Extracted information -
╔══

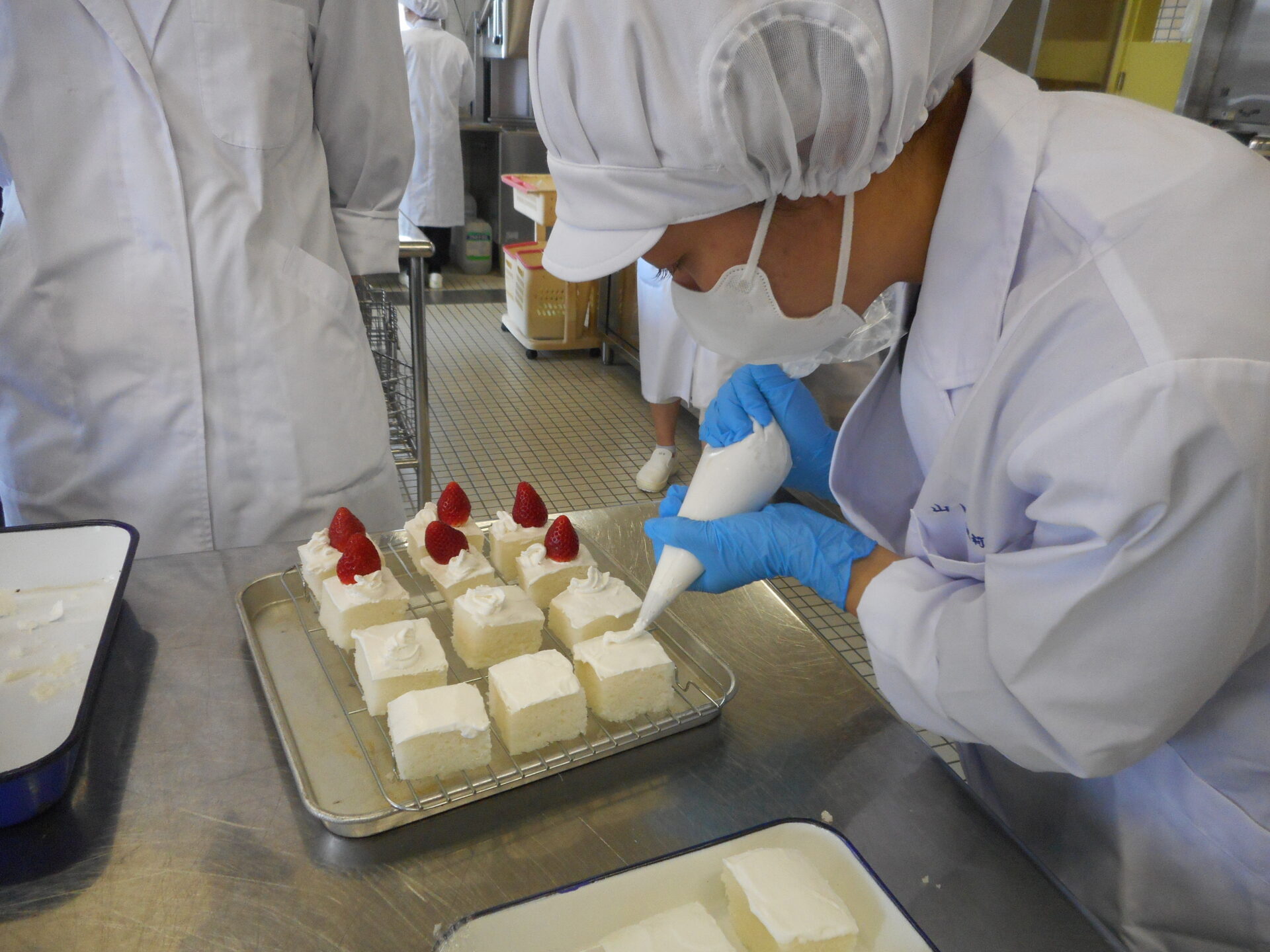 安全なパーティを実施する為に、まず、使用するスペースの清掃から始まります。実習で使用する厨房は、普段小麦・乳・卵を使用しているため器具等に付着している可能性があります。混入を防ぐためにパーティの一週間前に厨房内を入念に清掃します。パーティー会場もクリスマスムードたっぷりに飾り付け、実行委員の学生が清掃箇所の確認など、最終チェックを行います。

╚══
╔══

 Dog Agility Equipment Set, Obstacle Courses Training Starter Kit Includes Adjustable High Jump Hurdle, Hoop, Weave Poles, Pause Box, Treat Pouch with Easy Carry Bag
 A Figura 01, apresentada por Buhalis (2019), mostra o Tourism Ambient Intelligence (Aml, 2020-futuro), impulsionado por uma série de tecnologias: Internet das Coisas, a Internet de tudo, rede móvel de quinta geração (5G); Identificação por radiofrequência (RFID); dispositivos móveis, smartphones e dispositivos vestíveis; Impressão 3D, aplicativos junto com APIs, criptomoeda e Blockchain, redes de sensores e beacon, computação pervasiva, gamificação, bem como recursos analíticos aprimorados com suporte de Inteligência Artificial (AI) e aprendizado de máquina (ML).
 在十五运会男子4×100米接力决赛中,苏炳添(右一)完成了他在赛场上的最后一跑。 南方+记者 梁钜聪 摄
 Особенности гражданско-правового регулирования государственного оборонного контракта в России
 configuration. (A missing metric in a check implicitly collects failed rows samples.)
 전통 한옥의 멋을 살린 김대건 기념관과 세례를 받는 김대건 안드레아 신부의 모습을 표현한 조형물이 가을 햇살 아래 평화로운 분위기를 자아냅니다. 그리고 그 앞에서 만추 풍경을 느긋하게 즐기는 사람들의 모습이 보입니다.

╚══
╔══

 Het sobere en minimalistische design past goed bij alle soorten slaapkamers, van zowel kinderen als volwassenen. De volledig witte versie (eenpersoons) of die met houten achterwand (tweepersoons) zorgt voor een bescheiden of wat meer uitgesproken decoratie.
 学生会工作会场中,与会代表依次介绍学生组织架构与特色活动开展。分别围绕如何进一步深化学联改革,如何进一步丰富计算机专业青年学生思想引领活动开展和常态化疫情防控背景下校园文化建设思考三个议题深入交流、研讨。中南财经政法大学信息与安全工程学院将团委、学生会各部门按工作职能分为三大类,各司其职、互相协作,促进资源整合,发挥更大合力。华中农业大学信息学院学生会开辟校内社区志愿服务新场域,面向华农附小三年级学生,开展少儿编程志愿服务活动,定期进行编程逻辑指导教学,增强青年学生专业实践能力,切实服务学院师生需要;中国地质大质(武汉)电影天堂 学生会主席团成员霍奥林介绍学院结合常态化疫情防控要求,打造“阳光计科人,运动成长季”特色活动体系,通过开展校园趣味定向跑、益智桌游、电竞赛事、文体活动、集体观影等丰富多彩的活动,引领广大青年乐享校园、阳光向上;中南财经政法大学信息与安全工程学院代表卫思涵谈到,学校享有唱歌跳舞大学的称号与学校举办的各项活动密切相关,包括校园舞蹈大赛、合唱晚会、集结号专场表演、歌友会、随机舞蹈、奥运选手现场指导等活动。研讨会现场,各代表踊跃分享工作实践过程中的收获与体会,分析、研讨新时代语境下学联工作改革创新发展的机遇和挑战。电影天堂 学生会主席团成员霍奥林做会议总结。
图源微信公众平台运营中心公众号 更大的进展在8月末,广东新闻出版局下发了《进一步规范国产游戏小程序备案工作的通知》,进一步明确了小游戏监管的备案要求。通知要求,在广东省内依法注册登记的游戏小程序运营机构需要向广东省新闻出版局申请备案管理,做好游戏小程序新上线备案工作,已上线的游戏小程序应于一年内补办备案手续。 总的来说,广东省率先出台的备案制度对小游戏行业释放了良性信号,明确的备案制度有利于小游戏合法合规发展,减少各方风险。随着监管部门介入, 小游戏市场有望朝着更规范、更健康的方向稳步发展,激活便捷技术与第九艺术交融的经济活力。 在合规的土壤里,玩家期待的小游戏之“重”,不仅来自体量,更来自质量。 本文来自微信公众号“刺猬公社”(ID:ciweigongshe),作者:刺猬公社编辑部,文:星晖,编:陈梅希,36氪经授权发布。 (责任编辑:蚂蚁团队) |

╚══

Within the material above, extract exactly the lines that start at the line containing "configuration. (A missing" and stop after the line containing "전통 한옥의 멋을 살린", and only those.

Answer -
 configuration. (A missing metric in a check implicitly collects failed rows samples.)
 전통 한옥의 멋을 살린 김대건 기념관과 세례를 받는 김대건 안드레아 신부의 모습을 표현한 조형물이 가을 햇살 아래 평화로운 분위기를 자아냅니다. 그리고 그 앞에서 만추 풍경을 느긋하게 즐기는 사람들의 모습이 보입니다.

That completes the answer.